#### [TASK OBJECTIVE]
Retype only the lines below from the one with "with silk lining" to the one with "কোথাও তিন দিনের", inclusive, skipping every image.
■ ■ ■
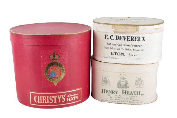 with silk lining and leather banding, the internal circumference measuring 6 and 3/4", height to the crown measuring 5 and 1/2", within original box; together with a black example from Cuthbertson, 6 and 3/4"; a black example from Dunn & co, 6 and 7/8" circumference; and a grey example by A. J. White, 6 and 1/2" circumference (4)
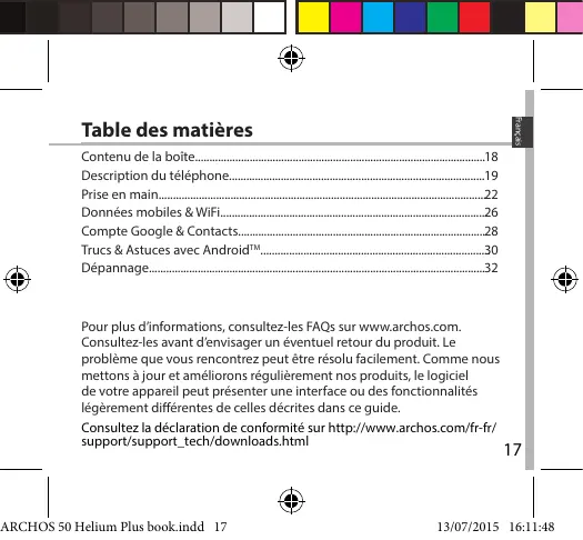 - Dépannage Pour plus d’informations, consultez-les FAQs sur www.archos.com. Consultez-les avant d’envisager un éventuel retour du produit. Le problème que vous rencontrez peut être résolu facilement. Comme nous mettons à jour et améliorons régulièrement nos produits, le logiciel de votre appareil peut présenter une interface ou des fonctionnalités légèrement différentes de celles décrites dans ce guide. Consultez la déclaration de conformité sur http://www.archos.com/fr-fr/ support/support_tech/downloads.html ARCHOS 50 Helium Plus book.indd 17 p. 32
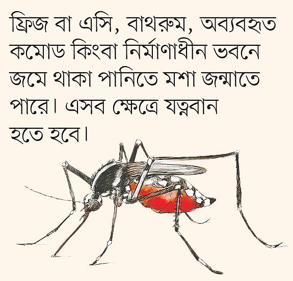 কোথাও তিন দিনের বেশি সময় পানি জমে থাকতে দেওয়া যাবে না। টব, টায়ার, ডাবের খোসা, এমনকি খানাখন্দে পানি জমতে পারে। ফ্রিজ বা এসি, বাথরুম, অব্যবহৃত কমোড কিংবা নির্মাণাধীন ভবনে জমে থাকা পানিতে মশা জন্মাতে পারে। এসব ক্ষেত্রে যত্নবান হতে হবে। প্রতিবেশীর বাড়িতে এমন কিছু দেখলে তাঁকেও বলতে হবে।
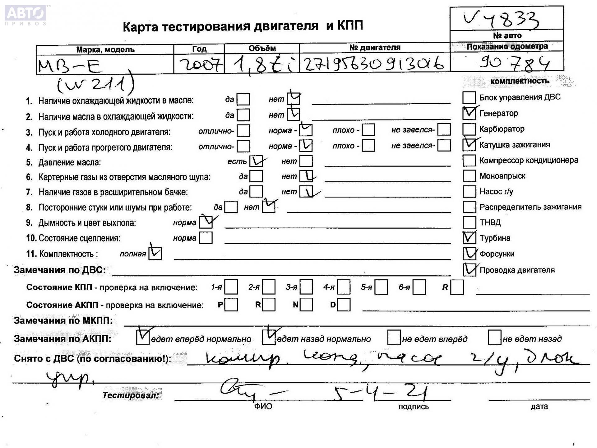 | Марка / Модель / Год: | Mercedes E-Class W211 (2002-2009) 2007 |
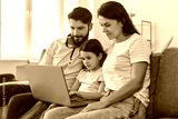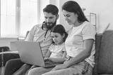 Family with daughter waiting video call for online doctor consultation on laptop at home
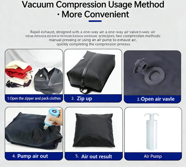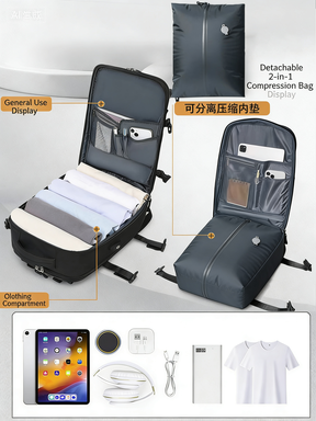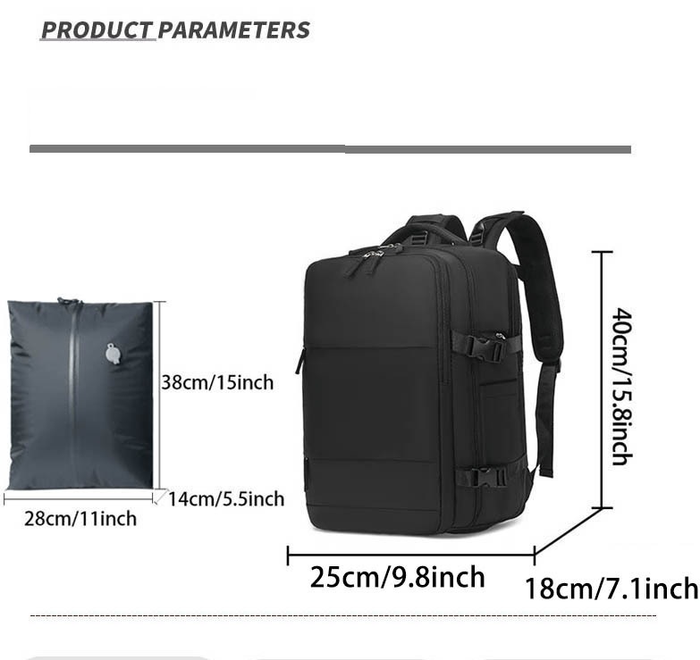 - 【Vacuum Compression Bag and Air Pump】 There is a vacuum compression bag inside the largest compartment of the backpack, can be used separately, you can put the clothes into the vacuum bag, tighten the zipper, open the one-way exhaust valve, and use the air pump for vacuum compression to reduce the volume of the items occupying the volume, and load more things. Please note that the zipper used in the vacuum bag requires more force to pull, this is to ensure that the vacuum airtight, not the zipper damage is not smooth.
■ ■ ■
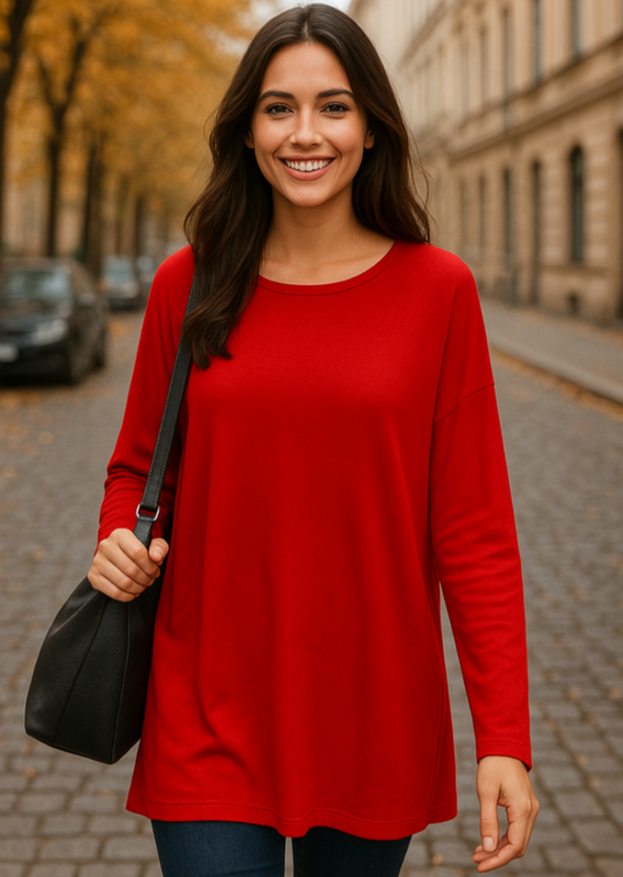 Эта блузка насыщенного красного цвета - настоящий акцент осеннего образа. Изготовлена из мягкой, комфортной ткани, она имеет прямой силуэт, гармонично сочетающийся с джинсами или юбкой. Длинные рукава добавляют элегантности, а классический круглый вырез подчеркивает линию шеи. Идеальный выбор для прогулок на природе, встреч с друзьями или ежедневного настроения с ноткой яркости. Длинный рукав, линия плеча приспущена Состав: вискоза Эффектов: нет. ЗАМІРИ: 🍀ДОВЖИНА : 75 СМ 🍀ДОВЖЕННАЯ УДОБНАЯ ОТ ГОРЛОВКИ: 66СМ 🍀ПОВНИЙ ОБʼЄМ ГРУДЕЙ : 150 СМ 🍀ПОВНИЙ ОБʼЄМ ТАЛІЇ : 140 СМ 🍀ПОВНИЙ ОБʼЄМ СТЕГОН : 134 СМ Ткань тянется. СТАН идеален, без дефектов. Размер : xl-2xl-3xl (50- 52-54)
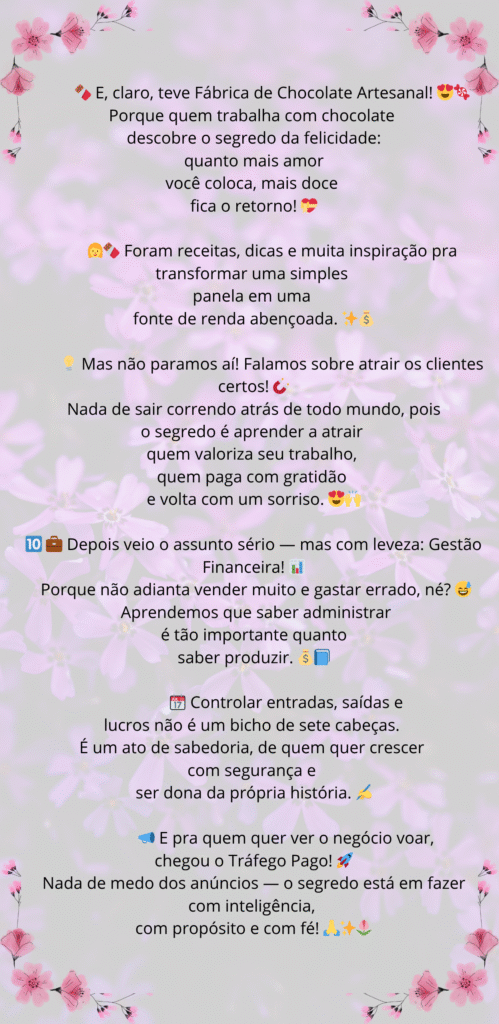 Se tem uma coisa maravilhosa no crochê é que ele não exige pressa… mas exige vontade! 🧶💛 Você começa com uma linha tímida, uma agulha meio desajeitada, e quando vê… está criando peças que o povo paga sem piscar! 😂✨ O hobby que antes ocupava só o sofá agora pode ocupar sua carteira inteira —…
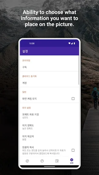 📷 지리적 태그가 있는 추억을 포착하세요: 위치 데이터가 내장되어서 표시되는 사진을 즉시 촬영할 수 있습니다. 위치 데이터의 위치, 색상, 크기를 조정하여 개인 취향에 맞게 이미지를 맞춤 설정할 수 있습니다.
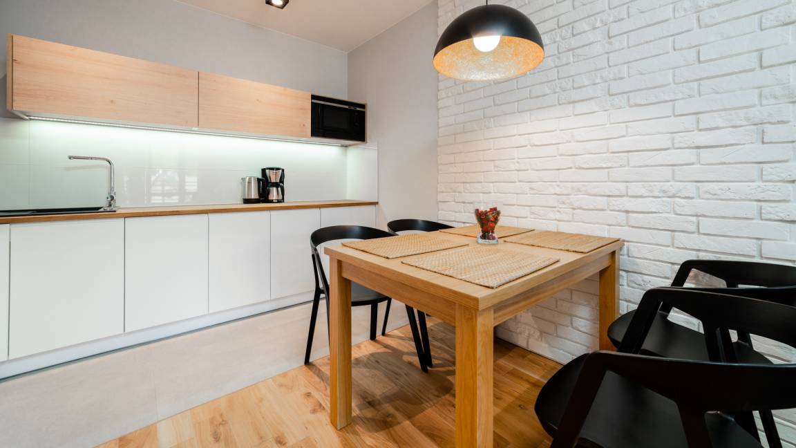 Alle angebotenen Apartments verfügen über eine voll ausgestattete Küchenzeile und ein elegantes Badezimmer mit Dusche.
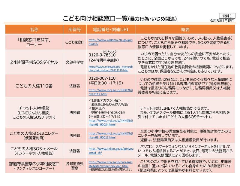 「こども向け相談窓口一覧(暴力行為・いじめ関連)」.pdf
■ ■ ■
#### [ANSWER SPACE]
 with silk lining and leather banding, the internal circumference measuring 6 and 3/4", height to the crown measuring 5 and 1/2", within original box; together with a black example from Cuthbertson, 6 and 3/4"; a black example from Dunn & co, 6 and 7/8" circumference; and a grey example by A. J. White, 6 and 1/2" circumference (4)
 - Dépannage Pour plus d’informations, consultez-les FAQs sur www.archos.com. Consultez-les avant d’envisager un éventuel retour du produit. Le problème que vous rencontrez peut être résolu facilement. Comme nous mettons à jour et améliorons régulièrement nos produits, le logiciel de votre appareil peut présenter une interface ou des fonctionnalités légèrement différentes de celles décrites dans ce guide. Consultez la déclaration de conformité sur http://www.archos.com/fr-fr/ support/support_tech/downloads.html ARCHOS 50 Helium Plus book.indd 17 p. 32
 কোথাও তিন দিনের বেশি সময় পানি জমে থাকতে দেওয়া যাবে না। টব, টায়ার, ডাবের খোসা, এমনকি খানাখন্দে পানি জমতে পারে। ফ্রিজ বা এসি, বাথরুম, অব্যবহৃত কমোড কিংবা নির্মাণাধীন ভবনে জমে থাকা পানিতে মশা জন্মাতে পারে। এসব ক্ষেত্রে যত্নবান হতে হবে। প্রতিবেশীর বাড়িতে এমন কিছু দেখলে তাঁকেও বলতে হবে।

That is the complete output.